What you need to do
Copy exactly the lines from the one containing "2月17日,浙江省杭州市淳安" through the last line of the records below, both included, and leave out the pictures.

*** Opening of Dataset content ***

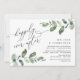 Hermoso Diseño Moderno Romántico, en tema de acuarela de hojas de eucalipto, Anuncio de Boda de Elopamiento, tarjeta de invitación (Felicemente para siempre). Esto es perfecto para la recepción de su boda y la fiesta de celebración después de la boda. Agregue los detalles de su celebración de brunch / cena de elopamiento.
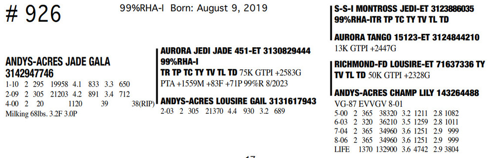 Milking 68lbs. 3.2F 3.0P 99%RHA-I Born: August 9, 2019
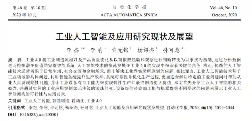 后台回复“工业人工智能现状” 可以获取《工业人工智能及应用研究现状及展望》专知下载链接索引
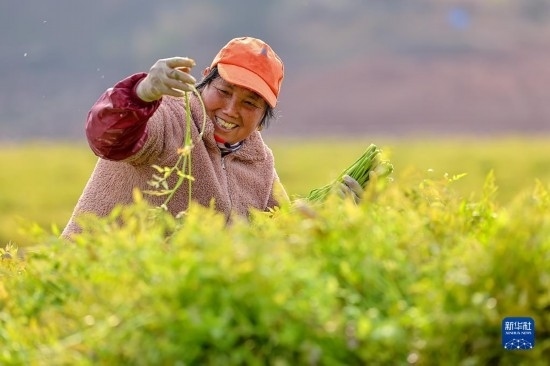 2月17日,浙江省杭州市淳安縣千島湖鎮(zhèn)坪山生態(tài)浮島上,工作人員忙著采摘水生蔬菜。
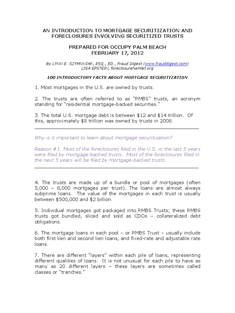 100 INTRODUCTORY FACTS ABOUT MORTGAGE SECURITIZATION
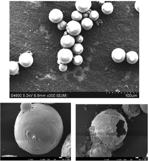 上图即是漂珠的SEM形貌。据中国粉体网编辑的了解,对于漂珠形成的机理已有众多报道,但并不统一,多数人认为粉煤灰中的漂珠,是煤粉进入锅炉中燃烧,高温作用下,煤渣通过释放部分水分,排出内部气体,表面氧化,燃烧等诸多复杂的反应后,又经过多次冷热交替的过程而形成、/p>

*** Close of Dataset content ***

Solution to this exercise
 2月17日,浙江省杭州市淳安縣千島湖鎮(zhèn)坪山生態(tài)浮島上,工作人員忙著采摘水生蔬菜。
 100 INTRODUCTORY FACTS ABOUT MORTGAGE SECURITIZATION
 上图即是漂珠的SEM形貌。据中国粉体网编辑的了解,对于漂珠形成的机理已有众多报道,但并不统一,多数人认为粉煤灰中的漂珠,是煤粉进入锅炉中燃烧,高温作用下,煤渣通过释放部分水分,排出内部气体,表面氧化,燃烧等诸多复杂的反应后,又经过多次冷热交替的过程而形成、/p>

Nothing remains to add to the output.